I was very disappointed to see a couple of poor Nascars from Tomy and lots of talk about new licensed Indycars but nothing concrete.

LifeLike seem to be on the up and up though. Their Cat Charger is my car of the year so far.


----------



## chriscobbs (Nov 20, 2003)

Jeff,

Did you get any pictures of AW's Bronco, other than what's been posted?


----------



## slots-n-stuff (Oct 18, 2006)

*AW's Bronco*



chriscobbs said:


> Jeff,
> 
> Did you get any pictures of AW's Bronco, other than what's been posted?


Chris,
There is a picture of the Bronco on Auto World's Cam Camera right at this moment.


----------



## sped (Nov 20, 2004)

Montoya1 said:


> I was very disappointed to see a couple of poor Nascars from Tomy and lots of talk about new licensed Indycars but nothing concrete.
> 
> LifeLike seem to be on the up and up though. Their Cat Charger is my car of the year so far.

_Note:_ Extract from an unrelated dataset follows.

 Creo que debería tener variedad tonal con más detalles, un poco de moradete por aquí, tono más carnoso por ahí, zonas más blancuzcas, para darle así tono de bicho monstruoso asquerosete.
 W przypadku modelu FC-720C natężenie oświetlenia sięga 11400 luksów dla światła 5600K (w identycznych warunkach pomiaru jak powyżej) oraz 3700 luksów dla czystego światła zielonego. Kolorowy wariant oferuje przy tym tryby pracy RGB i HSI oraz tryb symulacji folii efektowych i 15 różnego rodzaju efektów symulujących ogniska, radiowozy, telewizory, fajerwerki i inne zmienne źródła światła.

I must have missed something here.  What is TOMY planning. I have seen no posts or pics on this.

R. Picard
www.slotcarinnovations.com


----------



## Montoya1 (May 14, 2004)

I had the pictures but can't find them now.Basically a #10 car that looks a bit Home Depot-ish and a #84 car that looks a bit like the real #48. Utter crap not worth posting.


----------



## chriscobbs (Nov 20, 2003)

slots-n-stuff said:


> Chris,
> There is a picture of the Bronco on Auto World's Cam Camera right at this moment.

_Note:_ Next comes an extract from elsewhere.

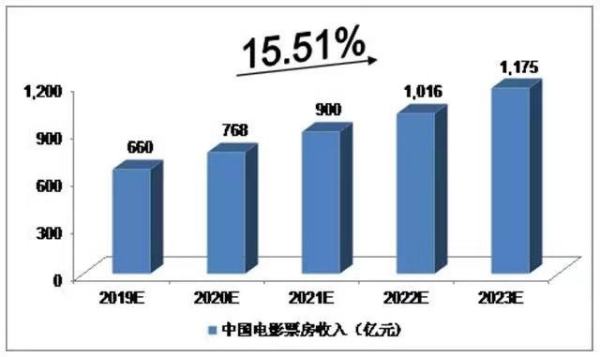 2018年全年中国的电影票房已经高达609亿,并且后续还会保持15%左右的速度增长。

Thanks, I've seem most of the cam pictures, so I was looking for more pictures from the expo.


----------



## docsho (Nov 13, 2004)

I finally posted the pics of the tomy cars for 2006 in the following link

http://photos.hobbytalk.com/showgallery.php/cat/500/ppuser/21174

Tomy also told me that next year they were looking at 4 new licensed indy cars along with two cam am cars, there were no mention of which licensed cars would be choosen, he also wanted to get them out sooner then Dec.


----------



## motorcitytoyz (Oct 11, 2002)

Chris,

I took alot of photos but due to me being in a hurry, I did not get any good shots of the AW Ford Bronco. I am sorry!


----------



## chriscobbs (Nov 20, 2003)

motorcitytoyz said:


> Chris,
> 
> I took alot of photos but due to me being in a hurry, I did not get any good shots of the AW Ford Bronco. I am sorry!


No problem.


----------



## chriscobbs (Nov 20, 2003)

tlowe said:


> We will post pictures on the AW website.


Tom, any word on the picture being loaded to the AW website?


----------